Format for Classes

  • Two hours, once a week
  • Some talk
  • Some listening
  • Some venting--it's personal, safe, intimate
  • Reading--reading aloud and discussing-- encouraging reading outside of class
  • Humor, silliness, laughter and tears
  • Timed writings--the pressure makes one focus

The best plan for writing improvement is to meet and write consistently, once a week for two hours. Classes start with some talk to loosen everyone up, focus everyone in the present moment, get everyone on the same wavelength. Listen to each other, vent a little, get emotionally close so the class is intimate, safe. No one judges or laughs at anyone in the group. Encourage humor, silliness, laughter and tears, both in conversation and in writing. Then, you are ready to write.

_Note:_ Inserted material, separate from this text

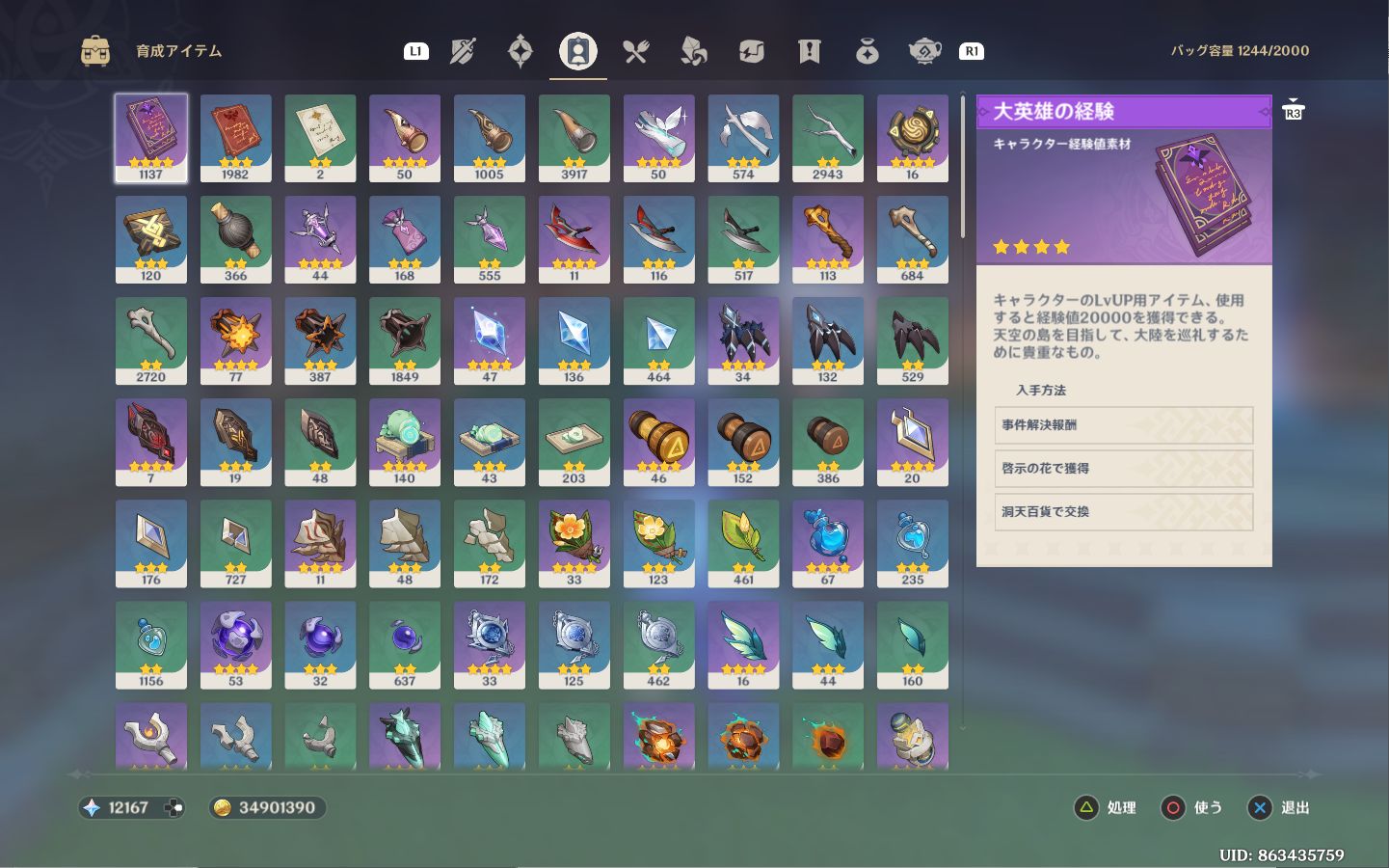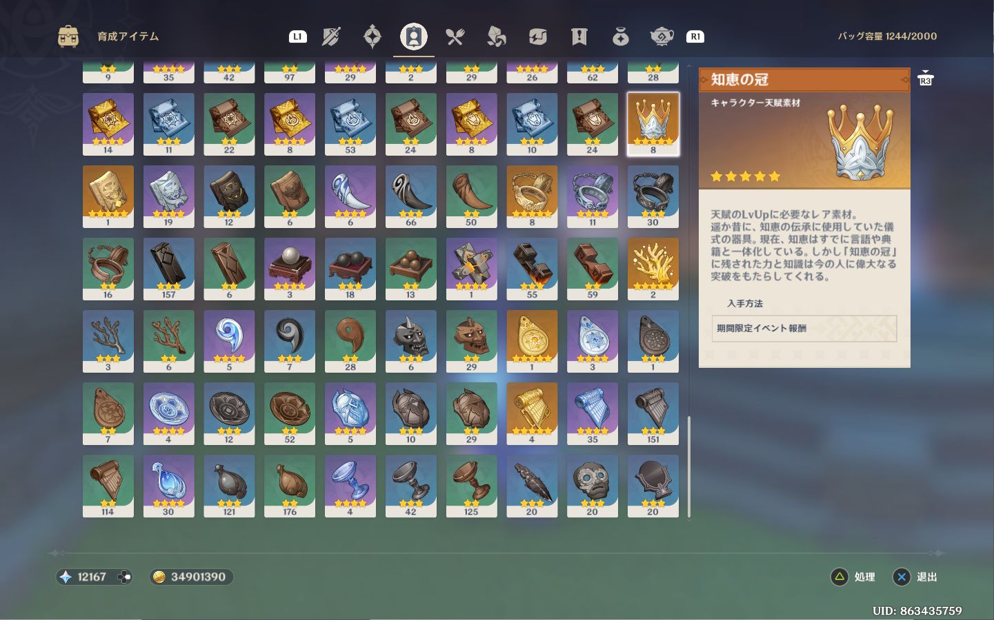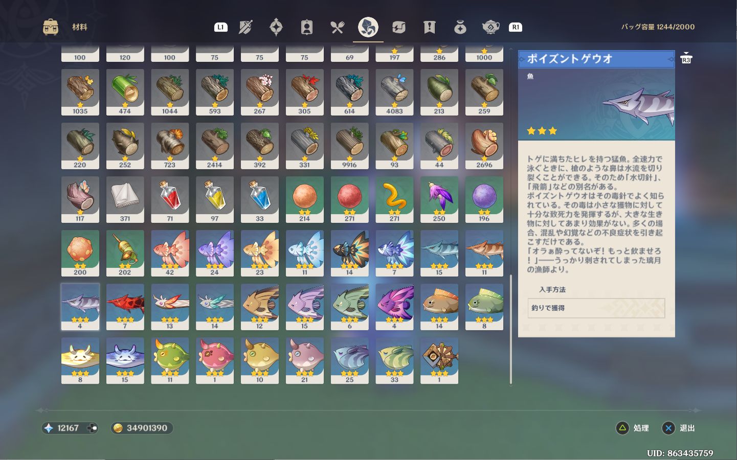 2024年11月03日、PC版HoYoLABでの原神の所持キャラ一覧。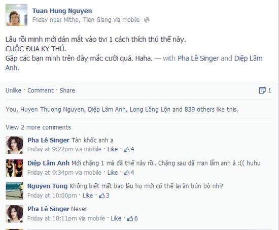 Nam ca sĩ Tuấn Hưng cũng đặc biệt rất yêu thích cuộc đua năm nay, anh từng chia sẻ mình rất ít khi xem các chương trình truyền hình thực tế, nhưng Cuộc đua kỳ thú 2013 là một ngoại lệ. Anh cũng đặc biệt tỏ ra thích thú với đội của hai cô gái Thu Hiền, Diệp Lâm Anh, từng hợp tác với Diệp Lâm Anh trong MV đình đám “Tìm lại bầu trời”, nam ca sĩ cũng chia sẻ việc bất ngờ khi nhìn thấy hình ảnh mạnh mẽ đầy bản lĩnh của cô em gái của mình trong cuộc đua.

Timed writings are helpful because they add enough pressure to shut out the editorial voice that says, "Don't write that, it's a stupid idea." On the other hand, if students are so new at writing that timed writings add more pressure, dispense with intense timed writings. ("We'll write for 15 minutes from the time I say start until the time I say stop, without pausing, without thinking. If you get stuck, just keep writing. Don't worry about staying on the subject.") Instead, say, "Write on this topic as much as you can for the next hour. Save the last 10 minutes to review your writing to see if you're making sense, starting sentences with capital letters, ending with punctuation, checking spelling, indentation, general sense. Remember, don't begin sentences with 'so, just, because, but.' Get your creative ideas down on paper first, then look for mechanical problems. Lose control in the first draft; gain control in the second draft."

Writing is an act of ego, of saying "I'm here, I'm real and what I think (my life) and feel is important, and I prove that by writing it on paper."

You don't have to suffer from writers block. If you want to write, and you don't want to be dependent on inspiration, make up exercises to access your ideas, your material hidden deep within you.

Begin with creativity, and then go back and learn what you've done. Believe in writing from the unconscious self, from down deep where our stories live. Learn to access the stories in your unconscious self.

Access them for your students by creating exercises that bypass the critical, judgmental, editorial part of the mind, which then allows us to drop down to the center below judgment.